At the very least, that appears to be the threshold for Big Ten prospects to return to action. If they can prove they did not accept any money after announcing their intentions, their chances of getting to play this fall would be far greater.

It’s unclear whether those who hired agents will be eligible. Their likely defense for such a waiver would be that the Big Ten appeared to say definitively that fall football was not going to happen.

Now that that’s changed, do the players have grounds to be let back in? We don’t know, but we expect that to be the way some players try to test the system.

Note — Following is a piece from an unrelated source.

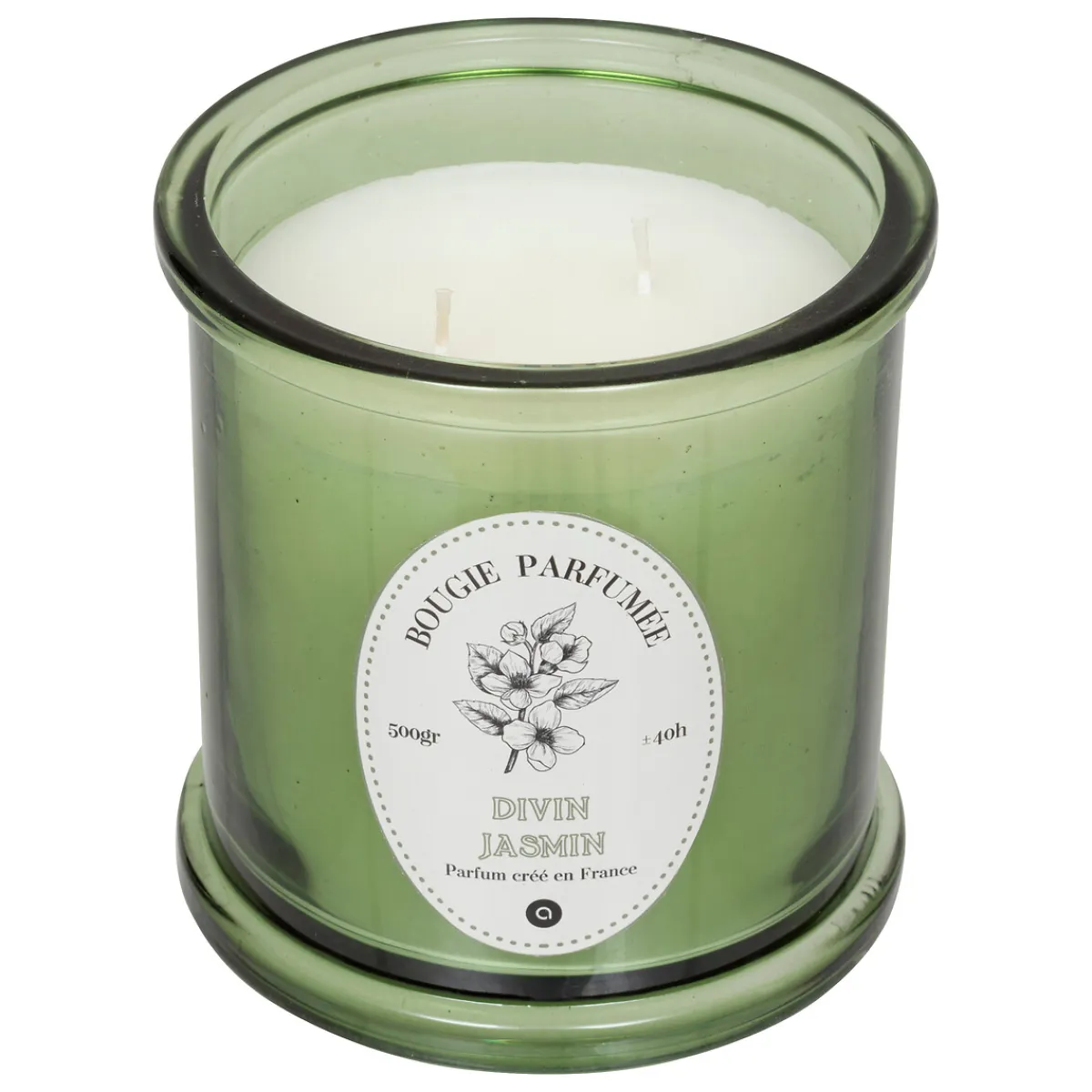 Vela perfumada HAPO jazmín 500gr | Descubre nuestra gama de velas y velones decorativos para el hogar. La mejor decoración para tu casa está en hôma | Color: Verde | Medidas: 12.5×11.3×11, cm | Material: Vidrio y Parafina | Aroma: Jazmín | Marca: Atmosphera

Which other Big Ten prospects could try to return?

Twenty-one Big Ten players have reportedly opted out this season. Of those, eight said they planned to enter the 2021 draft.

Those eight prospects are: Minnesota wideout Rashod Bateman, Penn State linebacker Micah Parsons, Purdue WR Rondale Moore, Northwestern tackle Rashawn Slater, Michigan cornerback Ambry Thomas, Michigan tackle Jalen Mayfield, Ohio State CB Shaun Wade and Davis.

Sports Illustrated reported that five of the eight have signed with agents — Bateman (signed with agent Blake Baratz), Mayfield (CAA), Parsons (David Mulugheta), Slater (CAA) and Thomas (Drew Rosenhaus).

Also, Michigan WR Nico Collins — a potential top-40 pick — reportedly has hired an agent, despite not yet publicly announcing his intentions.

According to sources, many of them, including Parsons and Slater, still plan to go through with their opt-outs and continue preparing for the spring draft.

It’s not yet known if Moore or Davis have officially signed with an agency and/or filed paperwork with the NFLPA. All three of those players might have a clear path to returning to school, if they so choose, as Davis has now stated.

Wade said Thursday night that he plans to join Davis in returning to Ohio State.

Some of these players clearly could still have something to gain, NFL draft-wise, by returning. They’d join the list of several other prospects in the conference who stood to lose the most with a canceled season.

Still, there’s also the chance they could hurt their stock with a poor season. Those decisions will be individual in nature, and they’ll vary significantly on a case-by-case basis.

But there’s at least a belief that some talented prospects whom most college fans assumed would never suit up again for their school could soon be hitting the field once more.

It’s the latest wild plot twist in a year chock full of them in college football.